Piuttosto, posto che l’adozione di comportamenti irresponsabili, la sottovalutazione del rischio nel perseguimento del profitto, il disinteresse verso la sorte altrui sono atteggiamenti non completamente arginabili, occorre far crescere nelle imprese la cultura del risk management (più l’imprenditore ha consapevolezza della probabilità del verificarsi di un evento disastroso e delle conseguenze economiche negative che ne derivano per l’azienda e più cerca di abbassare la possibilità che ciò si verifichi) e stabilire che la politica della sicurezza deve essere intesa a introdurre nelle imprese sistemi precauzionali che attenuino le conseguenze delle condotte irragionevoli, minimizzando gli effetti dannosi che ne possono derivare.
Nel caso di Brandizzo, ad esempio, sarebbe bastato che il sistema di allarme per la circolazione ferroviaria fosse in grado di percepire la presenza sui binari di soggetti estranei per evitare il disastro.
Quest’ultimo punto ci sembra particolarmente rilevante, essendo necessario insistere con forza sulla necessità di introdurre tali sistemi preventivi, tali strumenti di sicurezza in grado di attivarsi a prescindere dall’intervento e dalla decisione dell’uomo.
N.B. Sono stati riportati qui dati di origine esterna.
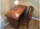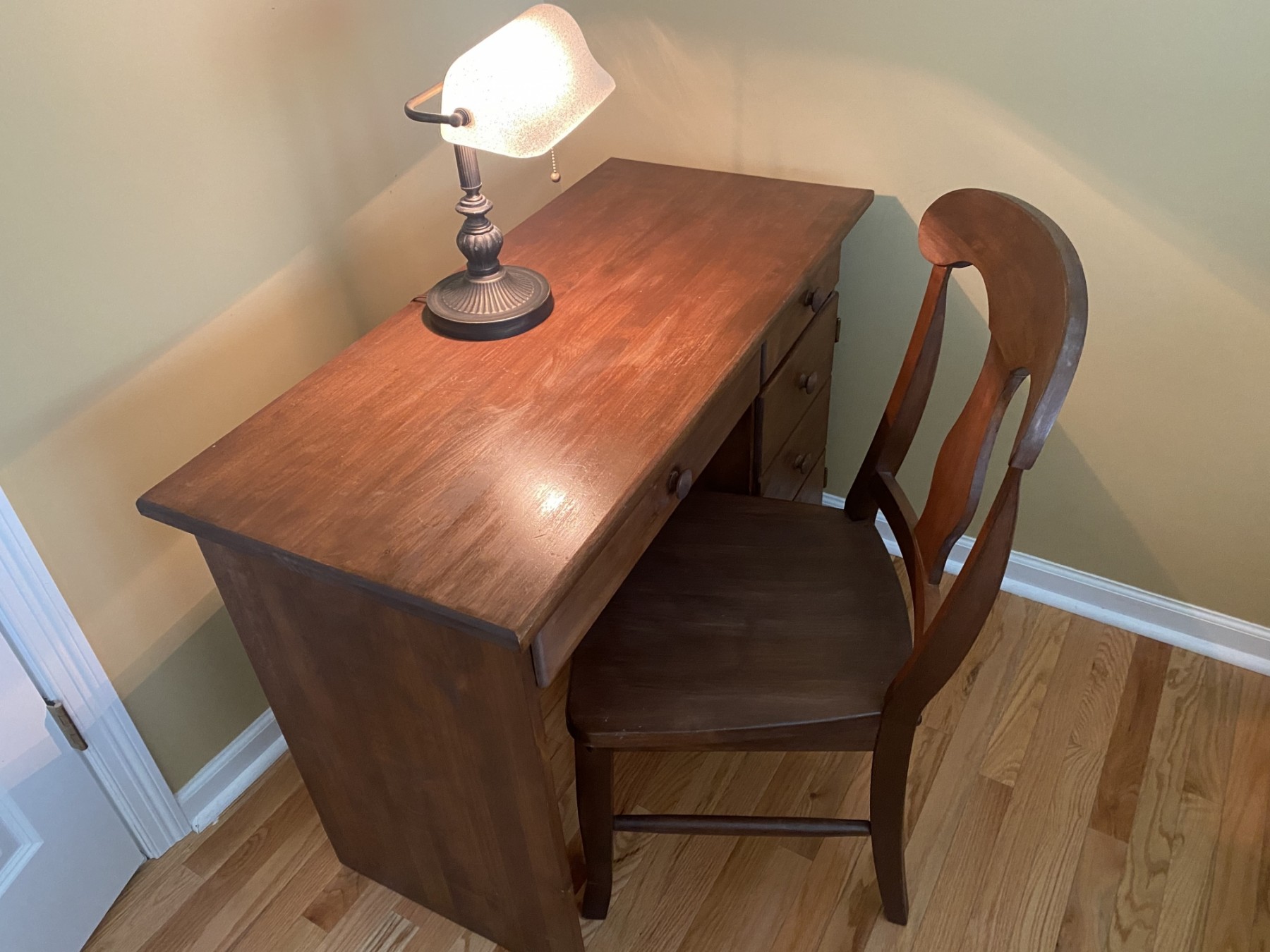 This small desk is great for a bedroom. Two drawers and cabinet with interior shelves 42 x 19 x 30 1/2. Chair very solid 18 1/2 x 17 x 37. includes bankers lamp with white shade

Va considerato, infatti, che se vi sono ipotesi in cui l’incidente sul lavoro è addebitabile al datore di lavoro che, per aumentare i suoi ricavi, fa lavorare i suoi dipendenti in condizioni di pericolo, non garantendo la sicurezza sui luoghi di lavoro, non mancano i casi (che, anzi, diversamente da quanto si ritiene, sono assai più frequenti rispetto all’ipotesi in precedenza richiamata) in cui l’incidente, il disastro sono dovuti ad una disattenzione, alla superficialità dello stesso lavoratore che si infortuna o di suoi colleghi.
Proprio la vicenda del disastro di Brandizzo conferma questa riflessione: diversamente da altre vicende in cui l’accaduto è attribuibile a carenze circa la sicurezza sul luogo di lavoro, carenza a sua volta conseguente all’incuria del datore di lavoro, nel caso in esame, da quello che emerge dalle prime ricostruzioni, a Brandizzo l’accaduto è dipeso da una scellerata scelta di soggetti che si trovavano sul luogo del sinistro e che quindi avrebbero (anche) loro subito le nefaste e devastanti conseguenze della loro condotta imprudente. Ciò dimostra quindi come sia inutile insistere esclusivamente sulle responsabilità individuali e sulla capacità dei singoli di prestare adeguata attenzione ai loro compiti: la disattenzione, l’errore, sono un elemento ineliminabile della quotidianità cui si deve fare fronte (anche) con l’adozione di meccanismi e strumenti in grado di funzionare a prescindere dall’intervento umano.